Проблема в том, что иначе никак не выйдет. Драку с таким врагом как Кузнецов-старший нельзя выиграть одной левой. Он, Марк, уклонялся от этой мысли, строил хитрые калькуляции, но они разбились о смерть девчонки, как дрянное стекло о камень.
Выбор сейчас простой. Либо рискнуть, поставив на карту всё с минимальными шансами на успех, либо сидеть, трусливо забившись в норку, и ждать пока Кузнецов найдёт его сам. Третьего не дано – судьба их рано или поздно сведёт, безжалостно столкнёт лбами.
И если даже Эля не пожелала прятаться…
– Пошли, – сказал он, – прищучим твоего папу. Использую семена.
– Ты же говорил, что они…
– Всё верно. Если помру, сэкономишь мой гонорар.
После гниющего полумрака, заполнившего контейнерный городок, уличный свет резанул глаза. Марк и Римма, став на обочину, принялись ловить тачку, но безуспешно – видимо, их злые физиономии отпугивали потенциальных извозчиков. Наконец притормозил дедок на голубовато-серой «победе».
– В Плакучую Балку, – распорядился Марк.
Шофёр посмотрел на него с сомнением, но возражать не стал – машина покатилась по улице, разбрызгивая солнце из луж, а сыщик сидел и думал, что хорошо бы сейчас заснуть, задремать, отлучиться на пару минут в благословенный край, где обитают тени, пусть даже край этот нереален.
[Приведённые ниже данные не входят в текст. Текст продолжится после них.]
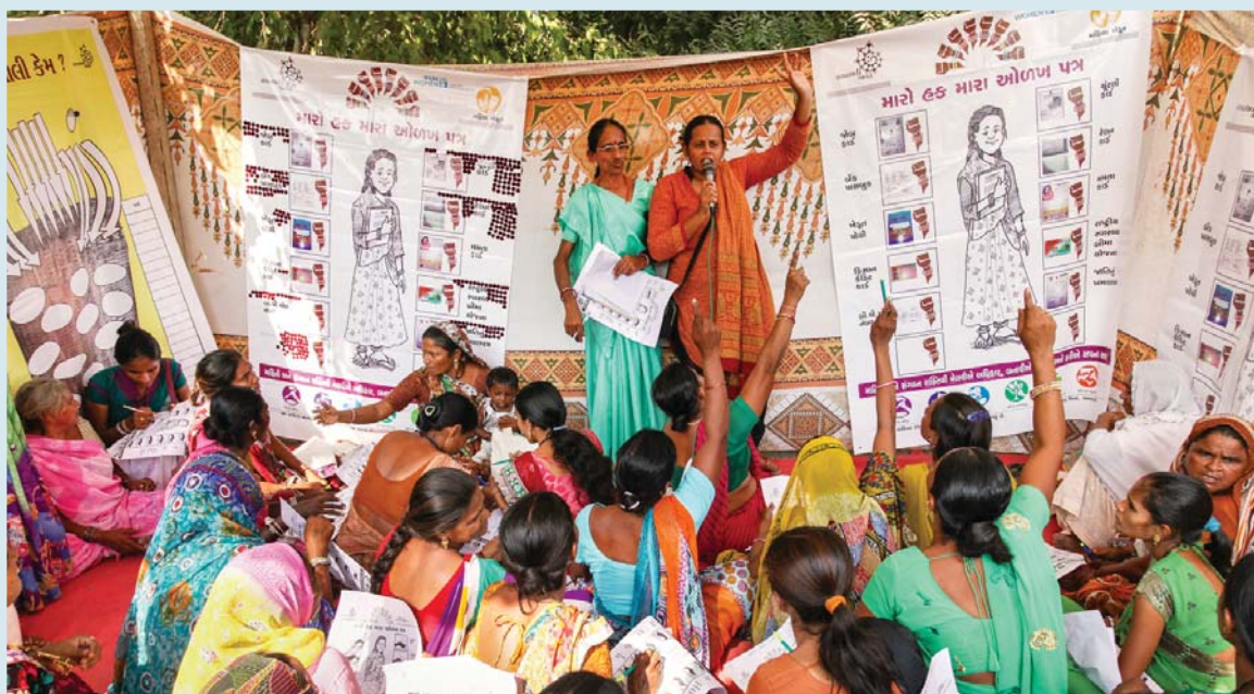
ANANDI team members conduct a training exercise on 'Mera Haq Meri Pehchaan' (My Rights and My Identity) at an Information Fair held in Bhavnagar, Gujarat on 9 th November, 2014- discussing the importance of identity proof documents that can strengthen the identity of women farmers (e.g. land title deed, Kisan Credit Card, MGNREGS job card, ration card, voter card, BPL card, RSBY card, bank passbooks, among others).

As part of the needs assessment, during local interactions with women farmers and PIAs, women articulated a common need for 81 : acknowledgement of their identity as women farmers; increased access to resources and wage work, including information and action to access and realise their social protection entitlements and social services; violence to be addressed as a public issue concerning their safety and security and legitimacy for their participation in public spaces and institutions through membership of collectives. It was realised that addressing these gender dimensions requires a long term engagement with collectives and village institutions, and also building of their capacities. Based on these learnings and feedback from the community, ANANDI developed training exercises for use by trainers in the field - Participatory Action

Там, в мире грёз, происходит то, чего быть не может. Здесь – то, чего быть не должно, ни при каких условиях. Такое вот сосуществование сна и яви – дихотомия, чередование двух взаимоисключающих версий. Конструкт, уязвимый с двух сторон сразу. Двуязвимый…
Марк усмехнулся. Словотворчество и потуги на философию – защитная реакция гнилого интеллигента на обстоятельства, которые ему неприятны и неподвластны. Плюс, естественно, водка – лучший антисептик при встрече с ядовитой реальностью.
«Победа» миновала блочные новостройки, похожие на костяшки от домино, которые кто-то выстроил в ряд, и вырвалась за городскую черту. Дорожный указатель оповестил, что до поворота к посёлку осталось три километра. Марк вспомнил, что во сне Плакучая Балка – место расположения космодрома. Стало смешно и тоскливо одновременно.
Промелькнула лесополоса, и посёлок открылся справа, заблестел благородно-красными крышами. Даже деревья тут смотрелись наряднее и почти не растеряли листву.
Шофёр завертел рулём. Покрытие под колёсами сразу стало ровнее, как будто машина съехала не на скромную подъездную дорогу, а на киношный американский хайвэй. Дедок сквозь зубы пробормотал что-то вроде: «Устроились, бандюганы». Римма вежливо попросила:
– В дальний конец, пожалуйста.
Дом её сволочного папы стоял, как выяснилось, чуть на отшибе и был огромен даже по местным меркам. Со всеми своими башенками и выступами он напоминал ударный авианосец, оторвавшийся от эскорта.
Шофёр, повинуясь указаниям Риммы, сделал небольшой крюк, чтобы высадить их не перед главным входом, а с другой стороны. Дождался, пока они вылезут из машины, неприязненно фыркнул выхлопной трубой на прощание и укатил.
Заговорщики подошли к калитке. Впрочем, назвать её так можно было лишь с некоторой долей условности – дубовая дверь в кирпичной ограде, несмотря на небольшие размеры, выглядела непрошибаемой. Сама же ограда имела в высоту не меньше трёх метров и увенчивалась металлическими шипами – натуральная крепостная стена.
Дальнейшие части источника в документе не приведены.